Regulation of philanthropy tends to intensify during social and political upheaval, but the core principles of charitable law have endured for decades. Lean funders can continue to advance equity, innovation, and community well-being with confidence by staying grounded in mission and law. 

Looking Ahead

While executive orders and agency priorities may shift, your foundation’s commitment to the public good remains constant. By understanding the history, staying proactive, and strengthening internal processes, you can continue your work with confidence, reducing the noise and focusing on what truly matters: building stronger, more equitable communities. 

Members can explore the companion resource, Navigating the 2025 Executive Orders, for deeper legal context and practical guidance.

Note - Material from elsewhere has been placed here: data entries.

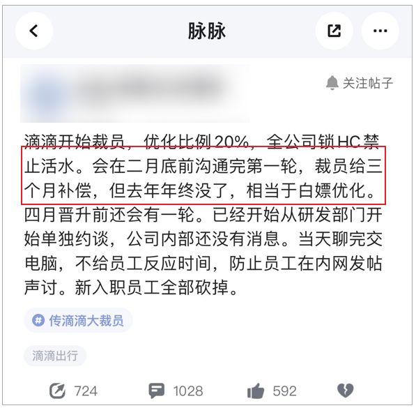 近日,滴滴裁员的消息登榜“职场社区”脉脉热榜第一,话题热度 1041w,引发无数职场人士讨论。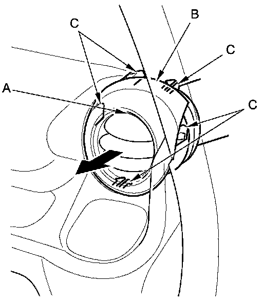 1. Pull the upper portion (A) of the side vent (B) toward you to release the hooks (C), then remove the side vent.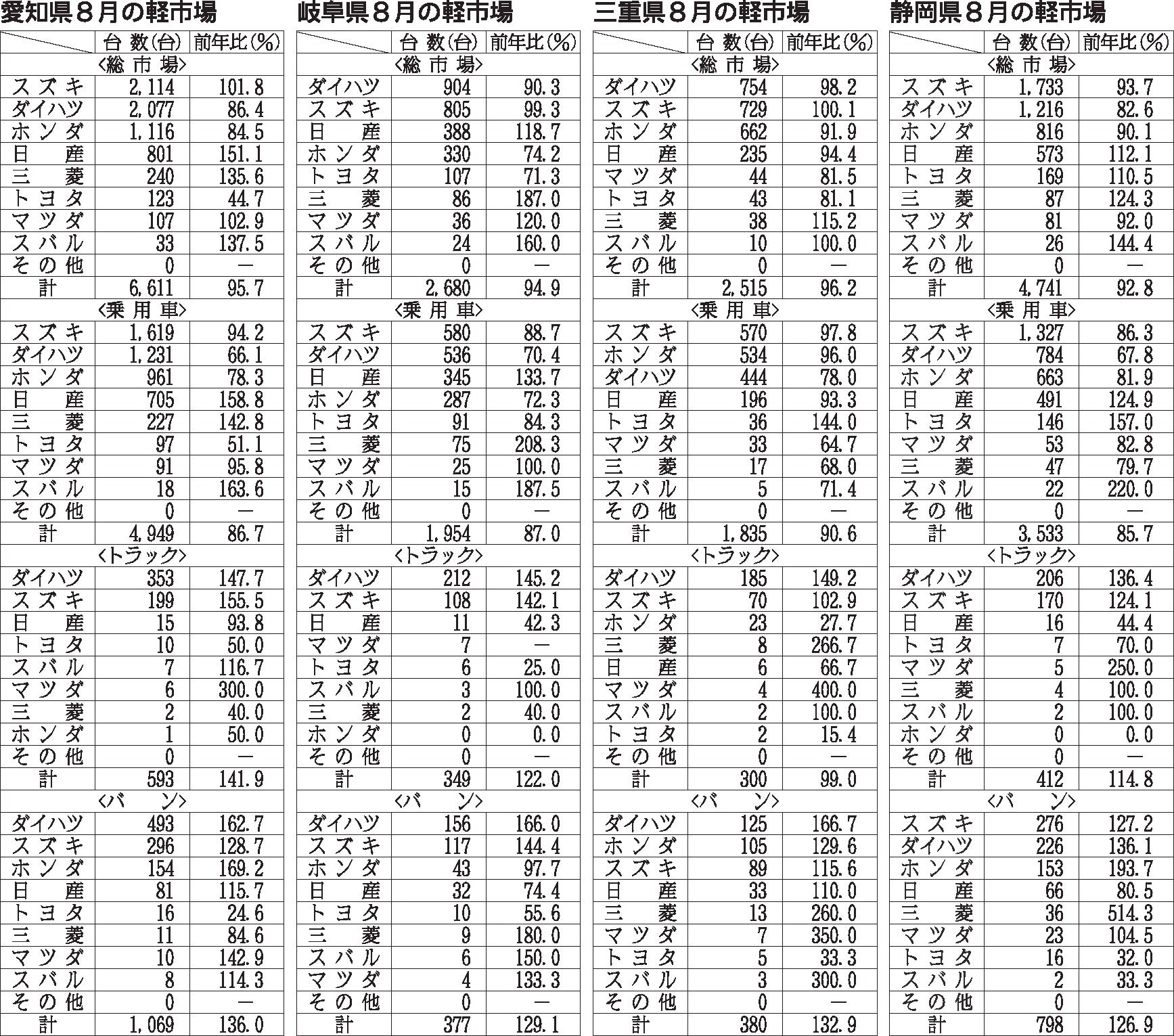 〈中部4県8月の軽市場〉愛知県/岐阜県/三重県/静岡県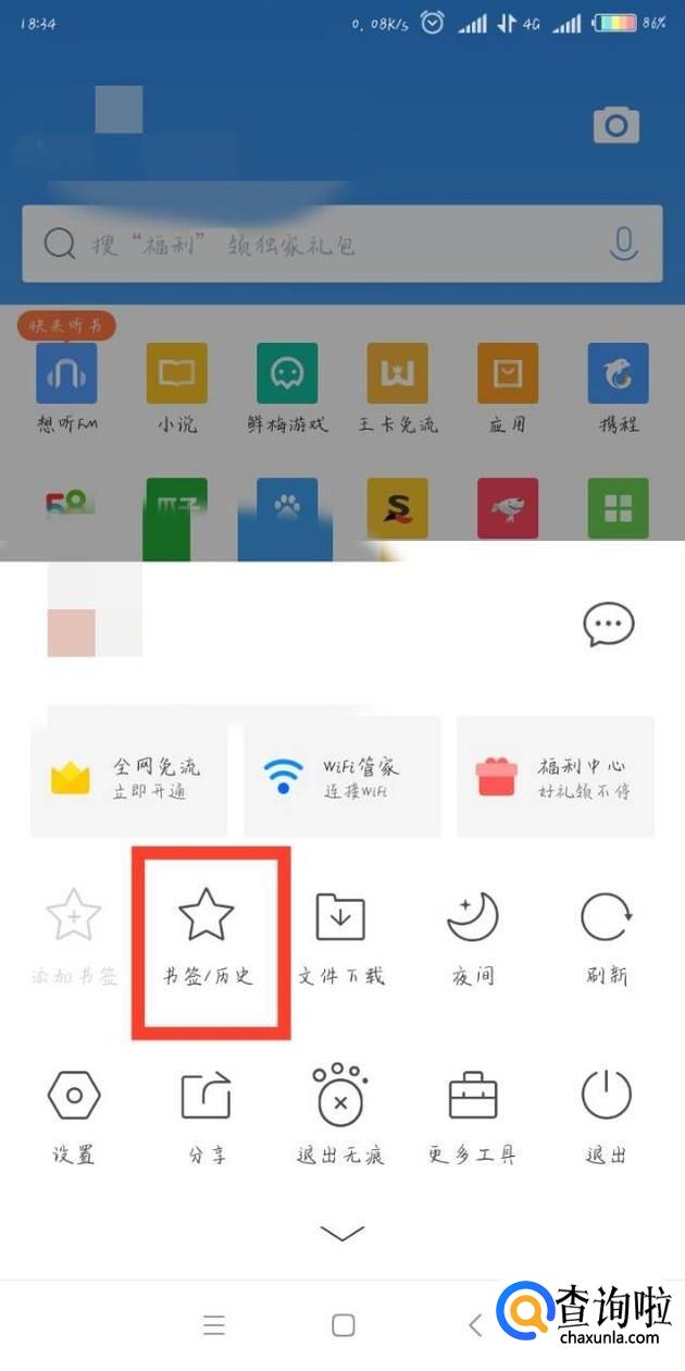 点击第一排有五角星的图标,即“书签|历史”。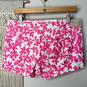 J. Crew Pink Floral Leaf Print Shorts size 4. Brand new with tags, no flaws. Stretchy. Side and rear pockets. 3” inseam. Stretch chino city fit.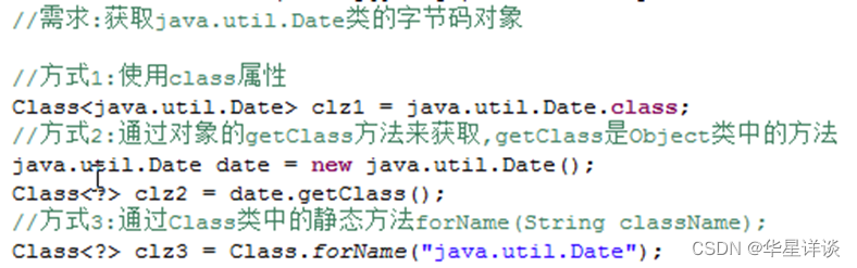 注意:同一个类在JVM中只存在一份字节码对象,也就说上述代码中claz1 == clz2 == clz3。我们一般使用最多的是第三种,其在框架中也大量使用。

Note: This blog post is based on the Exponent Philanthropy webinar on 11/3/2025 with attorneys from Baker Hostetler and Arnold & Porter. While we pride ourselves on our advice, please realize Exponent Philanthropy is not a law or accounting firm. The information contained in this blog post is for informational purposes only and not as part of an attorney-client relationship. The information is not a substitute for expert legal, tax, or other professional advice tailored to your specific circumstances, and may not be relied upon for the purposes of avoiding any penalties that may be imposed under the Internal Revenue Code. It is our advice that you seek independent counsel for any tax, accounting, or legal issues you may have related to matters that are of a material concern to you or your organization.